Jeśli chodzi o budowę targowiska miejskiego przy ul. Lipińskiego, to miała na celu stworzenie odpowiednich warunków handlowych. W trakcie opracowywania dokumentacji projektowej zielonego rynku były prowadzone konsultacje z samymi handlującymi na targowisku, potencjalnymi użytkownikami i szereg ich sugestii uwzględniono w projekcie. Obecnie dzierżawionych jest 6 kiosków w branży spożywczej i 33 kioski w branży przemysłowej. Targowisko w poprzedniej formie nie mogło być już dłużej użytkowane ze względów technicznych (m.in. brak legalnego doprowadzenia prądu, pozostałych elementów obsługi technicznej, groźba pożaru). Obecnie obiekty spełniają wszystkie wymogi techniczne. W ciągu ostatnich lat mocno zmienił się profil handlu bazarowego, ze względu na ogólnopolski rozwój sieci dyskontów i wzrost jakości oferowanych produktów.

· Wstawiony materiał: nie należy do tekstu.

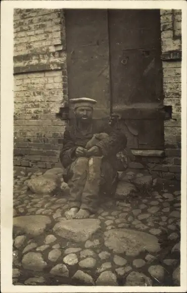 Foto Ak Russland ?, Mann vor einem Gebäude, Bettler ?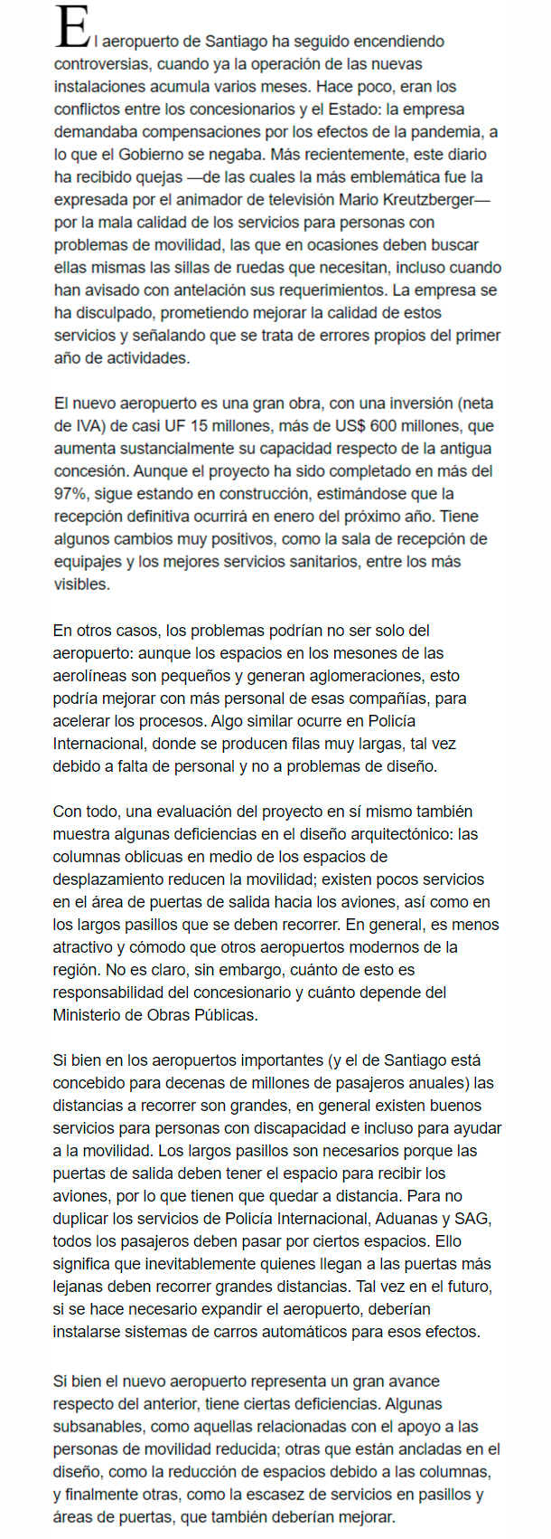 EL MERCURIO – Constituye un gran avance respecto de la anterior concesión, pero presenta deficiencias que deberían poder subsanarse.

Parking wielopoziomowy kosztował 7 022 785 zł, a nie 10 mln, jak Panowie utrzymują. Jest on wykonany zgodnie z parametrami technicznymi dla tego typu obiektów, lecz ze względu na umiejscowienie w Śródmieściu, przyjęto optymalne wartości jego parametrów, aby maksymalnie wykorzystać jego powierzchnię. Sanocki obiekt nie odbiega od innych śródmiejskich parkingów wielopoziomowych w Polsce i Europie. Inwestycje tego typu rzadko są dochodowe, w przeciwnym razie parkingi wielopoziomowe powstawałyby komercyjnie, stanowiąc dobre źródło zarobku dla prywatnych właścicieli. Niemniej, należy podkreślić, że bilans systemu parkingów w Sanoku jest dodatni. Podkreślam, że nie można traktować parkingu wielopoziomowego bez strefy płatnego parkowania, gdyż jest on jej integralną częścią. Parking wielopoziomowy, parking dzierżawiony przez firmę ELCOM, parking powstający w ramach Galerii Sanok, są elementami planu uporządkowania parkowania w centrum Sanoka. Z punkt widzenia zarządzania miastem i obsługi mieszkańców najważniejsza jest liczba oferowanych miejsc parkingowych w centrum miasta, a ta dzięki inwestycjom miejskim i prywatnym w ciągu ostatnich lat wyraźnie wzrosła.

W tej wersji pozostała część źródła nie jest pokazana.